The Need for Cooperation between Consumers & Producers – and the lessons not learnt. By Adnan Al Janabi & Luay J. Al Khatteeb
March 23, 20130
Oil price volatility has always created pressure upon both developed and emerging economies. High oil prices have been blamed for economic downturns in the global economy. Oil producers have suffered widely fluctuating incomes. Price volatility has worsened since 2000 for a variety of factors such as geopolitics, speculation, terrorism, natural disasters, revolutions, economic growth, recession, and accidental disruptions to supply. Price volatility makes planning for both producer and consumers difficult and results in an inefficient allocation of resources in the industry creating bottlenecks in production. It heightens the investment risk putting off much needed capital investment.

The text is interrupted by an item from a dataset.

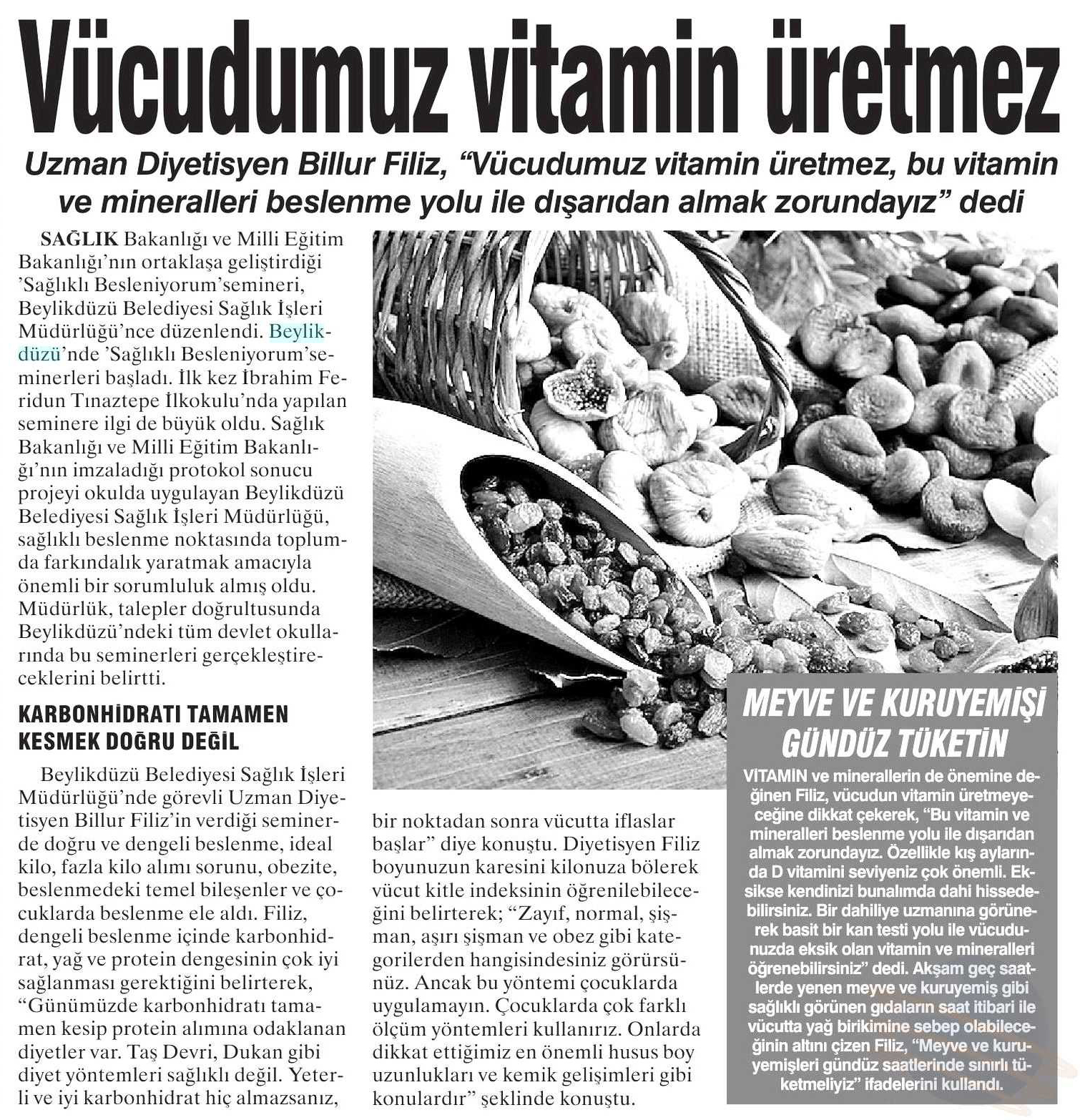 4 Mart 2018 tarihli "GÜNBOYU" gazetesi. Sağlık Bakanlığı ve Milli eğitim Bakanlığı'nın ortaklaşa geliştirdiği 'sağlıklı Besleniyorum' semineri, Beylikdüzü Belediyesi Sağlık İşleri Müdürlüğü'nce düzenlendi. İlk kez Feridun Tınaztepe İlkokulu'nda yapılan seminere ilgi de büyük oldu. Uzman Diyetisyen Billur Filiz, "Vücudumuz vitamin üretmez, bu vitamin ve mineralleri beslenme yolu ile dışarıdan almak zorundayız" dedi.

J.M. Keynes3 advocated intervention in commodity markets claiming that it was in the interest of both producers and consumers and would improve the allocation of resources. In the current dynamic world the increased uncertainty of oil prices is detrimental to economic development and growth.
The growth in supply and the emergence of the possibility of Iraq becoming an additional swing producer begs the question is it now time for price stabilisation to be implemented?
This paper looks into the theory of commodity markets stabilization, accounts for the increased price volatility via highlighting the emergence of more demand and supply variables during 2000-2012, and examines the possibilities of having producers and consumers cooperating in their common interests; also to evaluate the possibility of financing spare capacities to stabilize prices.